### WHAT THE TASK REQUIRES
All the lines below need to be output exactly, apart from any images.

### DATA BELOW
-=-=-

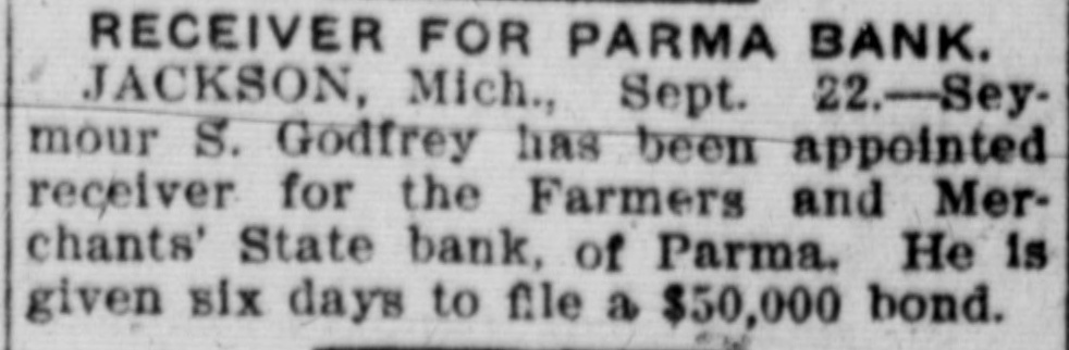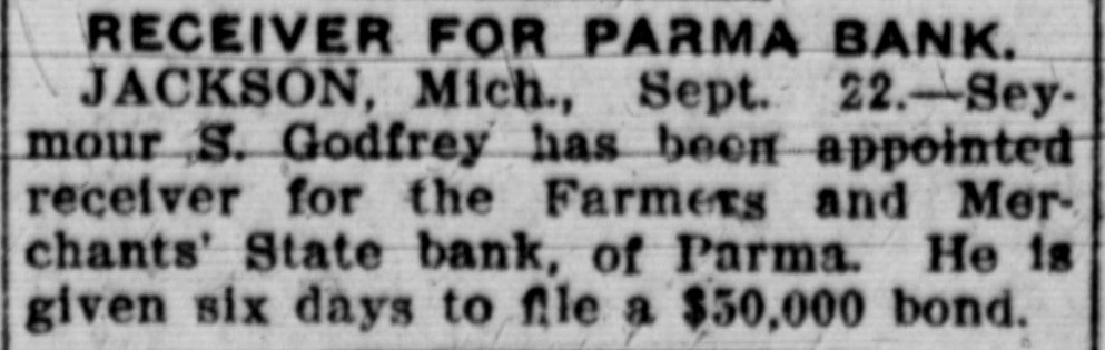 RECEIVER FOR PARMA BANK. JACKSON, Mich., Sept. 22.Seymour S. Godfrey has been appointed receiver for the Farmers and Merchants' State bank, of Parma. He is given six days to file a $50,000 bond.
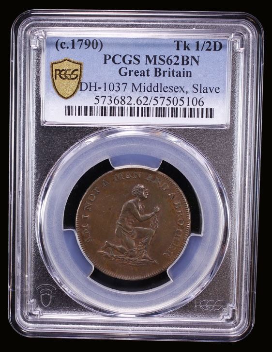 GREAT BRITAIN: AE halfpenny token, ND (ca. 1790), D&H-1037 (Middlesex), Conder token for the Abolition of Slavery, enslaved man in chains kneeling right, AM I NOT A MAN AND A BROTHER // two clasped hands with MAY SLAVERY & OPPRESSION CEASE THROUGHOUT THE WORLD around, PAYABLE AT DUBLIN OR LONDON on edge, PCGS graded MS62 BN.
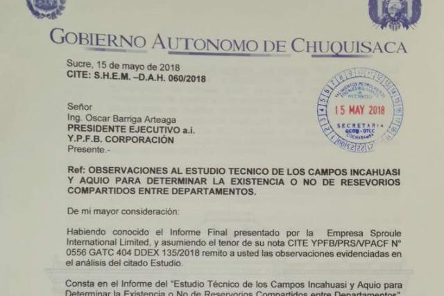 La Gobernación de Chuquisaca envió hoy a Yacimientos Petrolíferos Fiscales Bolivianos (YPFB) una carta con las observaciones al estudio realizado por la empresa Sproule International Limited sobre el campo Incahuasi, que establece que éste está en Santa Cruz en su totalidad. Reclaman el acceso a la información.

-=-=-

### RESULT
 RECEIVER FOR PARMA BANK. JACKSON, Mich., Sept. 22.Seymour S. Godfrey has been appointed receiver for the Farmers and Merchants' State bank, of Parma. He is given six days to file a $50,000 bond.
 GREAT BRITAIN: AE halfpenny token, ND (ca. 1790), D&H-1037 (Middlesex), Conder token for the Abolition of Slavery, enslaved man in chains kneeling right, AM I NOT A MAN AND A BROTHER // two clasped hands with MAY SLAVERY & OPPRESSION CEASE THROUGHOUT THE WORLD around, PAYABLE AT DUBLIN OR LONDON on edge, PCGS graded MS62 BN.
 La Gobernación de Chuquisaca envió hoy a Yacimientos Petrolíferos Fiscales Bolivianos (YPFB) una carta con las observaciones al estudio realizado por la empresa Sproule International Limited sobre el campo Incahuasi, que establece que éste está en Santa Cruz en su totalidad. Reclaman el acceso a la información.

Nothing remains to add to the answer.